A Equidade e a Matemática

A Equidade e a Matemática

Cris Marangon

21 Junho 2018 | 15h14

As capacidades matemáticas fazem parte da evolução da espécie humana e, portanto, todos os seres humanos são capazes de aprender conteúdos matemáticos em altos níveis

por Ya Jen Chang*

Na sociedade, temos a percepção de que certas áreas do conhecimento exigem um nível de inteligência maior do que outras. A Matemática, por exemplo, é uma das áreas em que essa percepção de status é mais fortemente destacada. Os sistemas educacionais promovem a ideia de que os sujeitos rápidos em Matemática são mais inteligentes. No entanto, pesquisadores apontam que todos os seres humanos são capazes de aprender conteúdos matemáticos de altos níveis.

Na realidade, as capacidades matemáticas fazem parte da evolução da espécie humana e são, portanto, herdadas em nossa composição genética.

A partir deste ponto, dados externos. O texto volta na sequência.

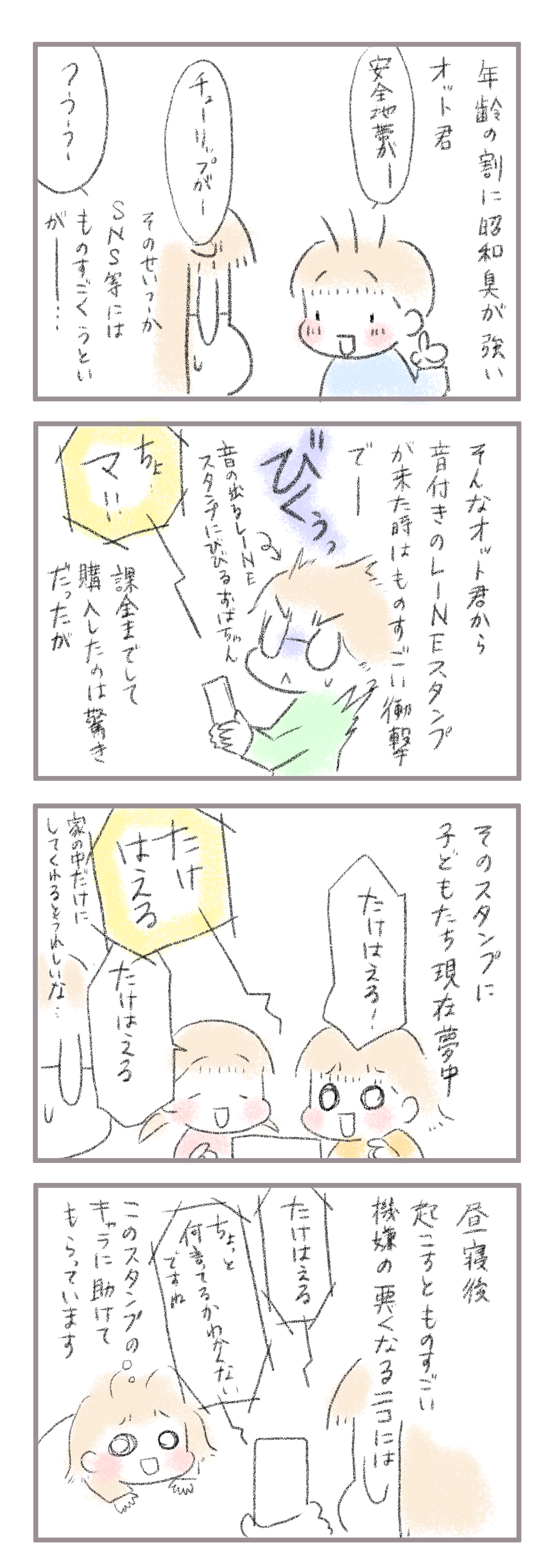 3歳児を昼寝から起こすときの我が家の方法 2020年12月20日 きてくださってありがとうございます。5歳(年長)イチカと3歳ニコ、姉妹の母です。早期英語教育のお話の途中ですが今回は普段の育児記事です。 いきなり送られてきたのはこのLINEスタンプ↓https://quan-inc.jp/characters/betakkuma/どこで見つけてきたのか最初はびっくり ... 続きを読む きてくださってありがとうございます。5歳(年長)イチカと3歳ニコ、姉妹の母です。早期英語教育のお話の途中ですが今回は普段の育児記事です。 いきなり送られてきたのはこのLINEスタンプ↓https://quan-inc.jp/characters/betakkuma/どこで見つけてきたのか最初はびっくりしました。お、音出たんだけど…!このスタンプが面白すぎて最近次女の昼寝を起こすときに使ってます。(動画は画面がチカチカするので小さい子に画面を凝視させないようにしてください) これがなるとなんかテンションが上がるようで。いつもはギャンギャン泣くんですがしばらくつけてると笑い出して遊び出します。もうしばらくお世話になります。ただお子様に変な言葉が出てくるのはご覚悟あれ^^;______________ 出産妊娠記録まとめ長女妊娠出産記録→■次女妊娠切迫早産記録→■トイレトレーニングのお話→◾️______________インスタグラムお休み中です→■ランキングに参加中よかったら一日一回ぽちお願いします。 にほんブログ村 タグ :#LINEスタンプ#オット君#音声付きはびっくりする

Segundo Marcus du Sautoy, professor titular de Matemática na Universidade de Oxford (Reino Unido), o motivo por trás do trauma de muitos alunos está, em grande medida, na má qualidade do ensino de Matemática nas escolas em todo o mundo.

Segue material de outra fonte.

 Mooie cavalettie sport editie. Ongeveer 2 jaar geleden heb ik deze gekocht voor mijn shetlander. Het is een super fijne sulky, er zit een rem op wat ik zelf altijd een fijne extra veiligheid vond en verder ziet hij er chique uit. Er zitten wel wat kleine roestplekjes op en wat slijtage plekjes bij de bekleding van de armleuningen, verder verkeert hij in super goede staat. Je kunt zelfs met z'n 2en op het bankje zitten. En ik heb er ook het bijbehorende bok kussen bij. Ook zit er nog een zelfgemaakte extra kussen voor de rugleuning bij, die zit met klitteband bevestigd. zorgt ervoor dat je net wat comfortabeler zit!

Integrado aos princípios do Ensino para Equidade**, as Mentalidades Matemáticas, de Jo Boaler, da Universidade de Stanford (EUA), trazem um novo olhar para a Matemática quando estabelece que ela deve ser ensinada como uma disciplina aberta, criativa, visual e não apenas um conjunto de procedimentos a serem memorizados.

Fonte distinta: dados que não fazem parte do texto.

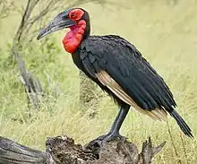 Bustards are large terrestrial birds mainly associated with dry open country and steppes in the Old World. They are omnivorous and nest on the ground. They walk steadily on strong legs and big toes, pecking for food as they go. They have long broad wings with "fingered" wingtips and striking patterns in flight. Many have interesting mating displays.
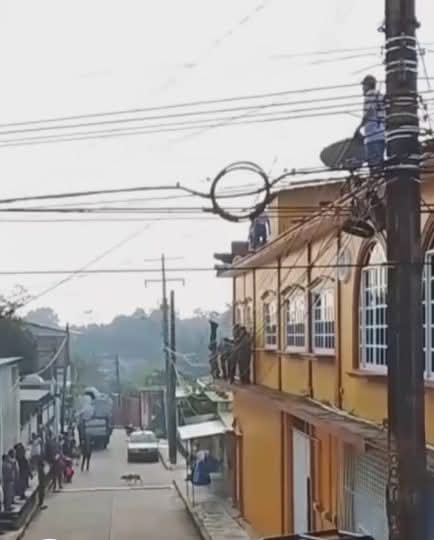 COSOLEACAQUE, VER.- Un hombre quedó colgado de lo alto de una vivienda en la calle Moctezuma y el bulevar de este municipio, esto cuando realizaba trabajos de pintura en el techo, al parecer perdió el equilibrio y quedó suspendido de los cables.
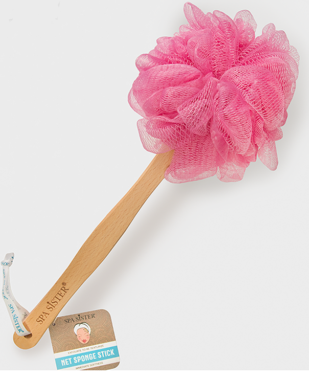 These are a large, full, high quality mesh loofah on a bamboo stick.

Nos últimos anos, Jo Boaler tem revolucionado os estudos na área ao questionar, pesquisar e propor reflexões profundas sobre o ensino da disciplina. Seus estudos levam a discussão para outro patamar quando afirma que todos são capazes de aprender Matemática em altos níveis, independentemente de gênero, classe social e etnia.

Ela desfaz mitos sobre a habilidade matemática em relação à velocidade e também discorre sobre o importante papel dos erros para o processo de aprendizagem. Estabelecendo vínculos entre o processo de aprendizado e a Neurociência, Jo Boaler mostra evidências consistentes de como a educação matemática e as grades curriculares transmitiram mensagens equivocadas nas últimas décadas à população.

Uma pesquisa recente mostra que, das cinco áreas do cérebro ativadas quando estamos em contato com a Matemática, duas são visuais. Em função disso, sem os elementos visuais, estamos utilizando apenas 60% da capacidade cerebral. É como se estivéssemos limitando a população a dirigir a 60 km/h numa estrada preparada para 100km/h. Talvez esse seja um dos motivos pelo qual poucos chegam ao destino final do seu percurso educacional com as habilidades matemáticas esperadas.

Material traduzido e disponível

Acreditando no potencial de mudança acerca desses paradigmas de ensino da Matemática, colocamos nossos esforços em dar aos professores brasileiros acesso ao trabalho, em primeira mão, da professora Jo Boaler. Em setembro de 2017, lançamos o livro “Mentalidades Matemáticas: estimulando o potencial dos estudantes por meio da matemática criativa, das mensagens inspiradoras e do ensino inovador”, em parceria com a Editora Penso. Essa obra é um best seller nos Estados Unidos e já foi traduzido para mais de 15 idiomas.

Entendendo a importância da teoria na prática, escolhemos trazer ao Brasil seu segundo livro – Mentalidades Matemáticas na sala de aula: Ensino Fundamental. Nele, Jo Boaler desafia os tradicionais livros didáticos voltados aos exercícios de habilidades específicas, propondo uma Matemática com abordagem aberta, criativa e visual, focadas em ideias fundamentais da disciplina.

Para possibilitar o acesso gratuito a materiais de referência, em parceria com a Fundação Itaú Social, traduzimos todo o conteúdo do portal Youcubed (www.youcubed.org) que, até o momento, teve mais de 25 milhões de acessos. Nesse site, é possível encontrar recursos materiais tanto para aqueles que desejam estudar a fundamentação teórica das Mentalidades Matemáticas, quanto para professores que querem experimentar essas práticas em suas salas de aula.

Assim como a professora Jo Boaler, o Instituto Sidarta acredita no potencial humano e na capacidade de aprendizagem de todos. Esperamos, com essas ações, trazer aos professores brasileiros ferramentas eficazes para resgatar o propósito do ensino da Matemática e, com isso, apoiar todos os alunos brasileiros a aprenderem Matemática em níveis mais altos.

*Ya Jen Chang é presidente do Instituto Sidarta

**A adaptação de Complex Instruction em inglês para a expressão em português “Ensino para Equidade” nasceu da interpretação do que Rachel entende ser a essência da proposta com o Trabalho em Grupo para Salas Heterogêneas para a promoção da equidade.